Why Data Cleaning Is Important

Improves Data Quality: Raw data often contains missing values, outliers, or errors. Cleaning ensures the data is consistent and accurate.

Enhances Model Performance: Machine learning algorithms rely on high-quality data. Dirty data can reduce model accuracy or introduce bias.

Reduces Noise and Redundancy: Cleaning eliminates unnecessary variables or duplicates, helping models focus on meaningful features.

Prevents Misleading Insights: Clean data ensures correct conclusions, reducing the risk of making decisions based on flawed analysis.

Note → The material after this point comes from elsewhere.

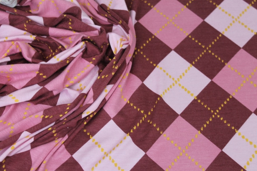 This is a soft cotton mix jersey with a woven stripe in magenta pink and white, the stripes are about 1.5 centimetre wide and run from selvedge to selvedge.
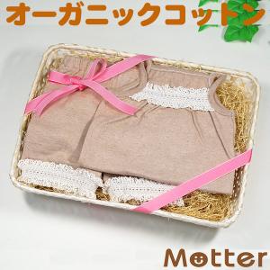 出産祝い ギフト 女の子オーガニックコットン 天竺レース付キャミソール・パンツ・ブラウン

Saves Time in the Long Run: Investing time in data cleaning early prevents downstream issues during analysis and modeling.

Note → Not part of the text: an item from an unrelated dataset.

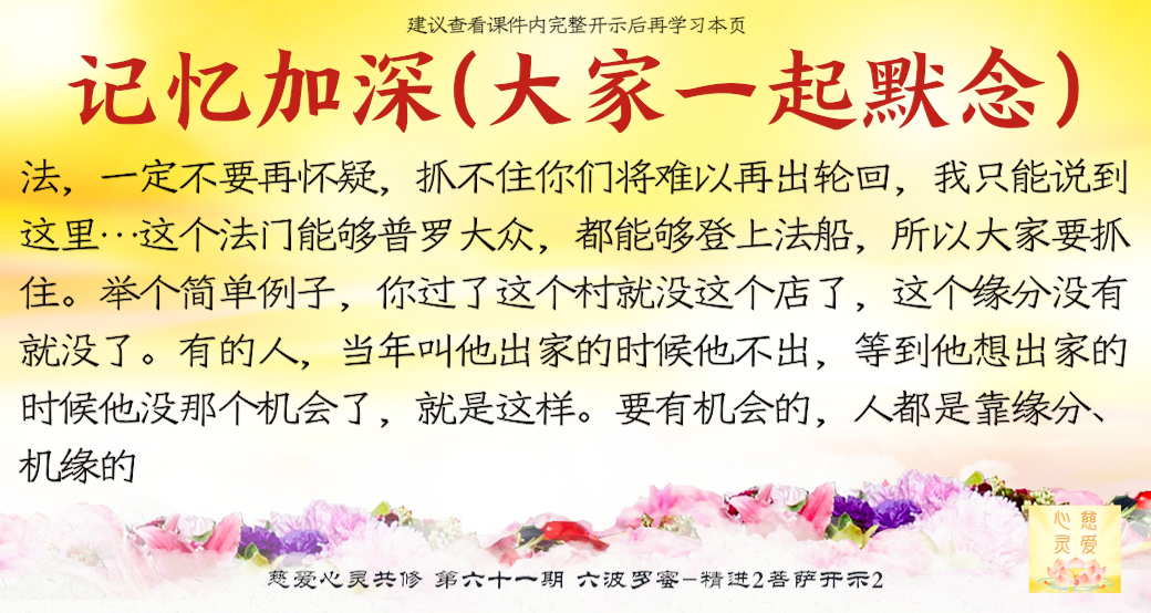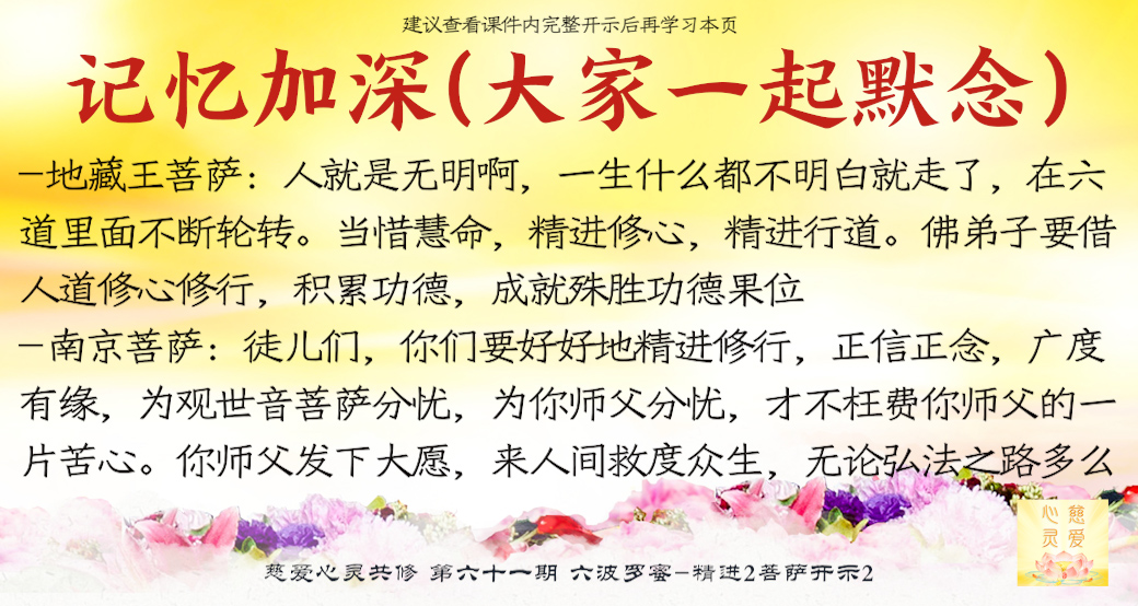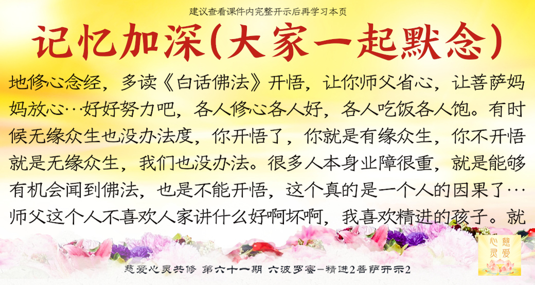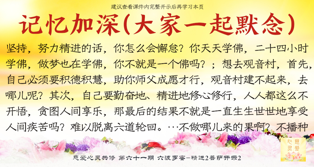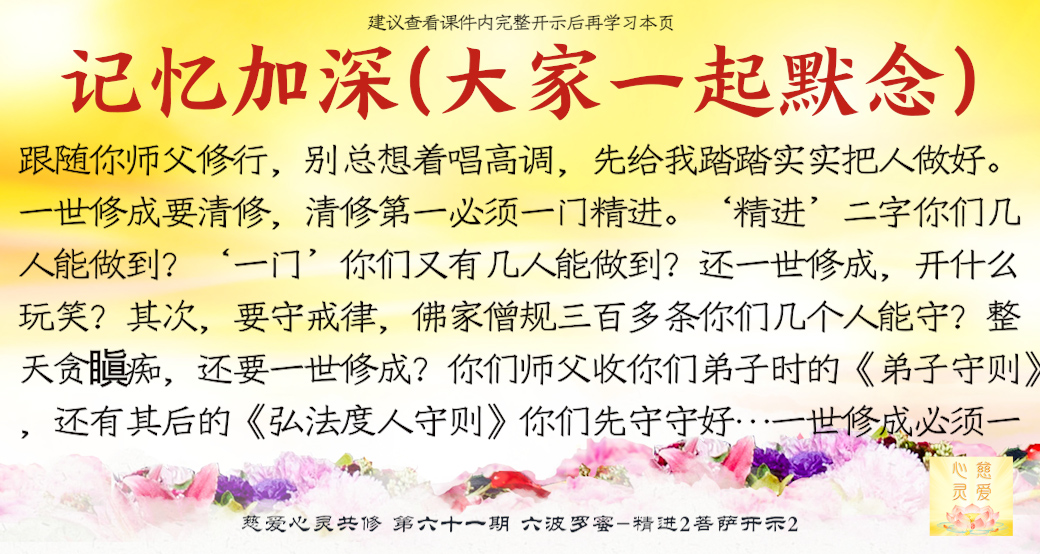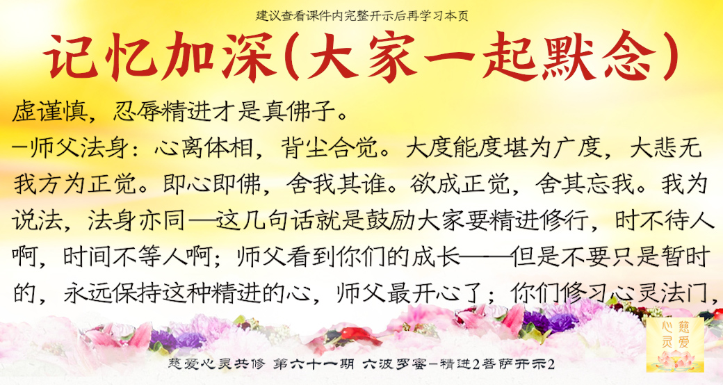 (“心离体相,背尘合觉。大度能度堪为广度,大悲无我方为正觉。即心即佛,舍我其谁。欲成正觉,舍其忘我。我为说法,法身亦同。”)但是师父后来也跟着观世音菩萨弄两句文言文,实际上这几句话就是鼓励大家要精进修行,时不待人啊,时间不等人啊

Common Data Cleaning Tasks

Handling missing values (e.g., imputation, deletion)

Removing duplicates

Correcting inconsistent formats

Filtering out outliers

Normalizing or standardizing data

Conclusion
Data cleaning is often seen as tedious, but it is one of the most essential tasks in data science. Without it, even the most advanced algorithms or sophisticated models will not yield reliable results. Clean data is the foundation of good data science.

Q.2

Presentation: Data Visualization Techniques
Slide 1: Title Slide

Title: Data Visualization Techniques

Subtitle: Turning Data Into Insight

Presenter’s Name & Date

Slide 2: Introduction

Definition of Data Visualization

Importance: Understand patterns, trends, and outliers

Slide 3: Types of Data Visualization

Categorical: Bar charts, pie charts

Quantitative: Histograms, line graphs

Relational: Scatter plots, bubble charts

Geographical: Maps, choropleths

Temporal: Time series plots

Slide 4: Tools for Data Visualization

Python Libraries: Matplotlib, Seaborn, Plotly

BI Tools: Tableau, Power BI

Web-Based: D3.js, Google Charts

Slide 5: Best Practices

Use the right chart for the data

Avoid clutter; keep it simple

Label axes and legends clearly

Use color meaningfully (not decoratively)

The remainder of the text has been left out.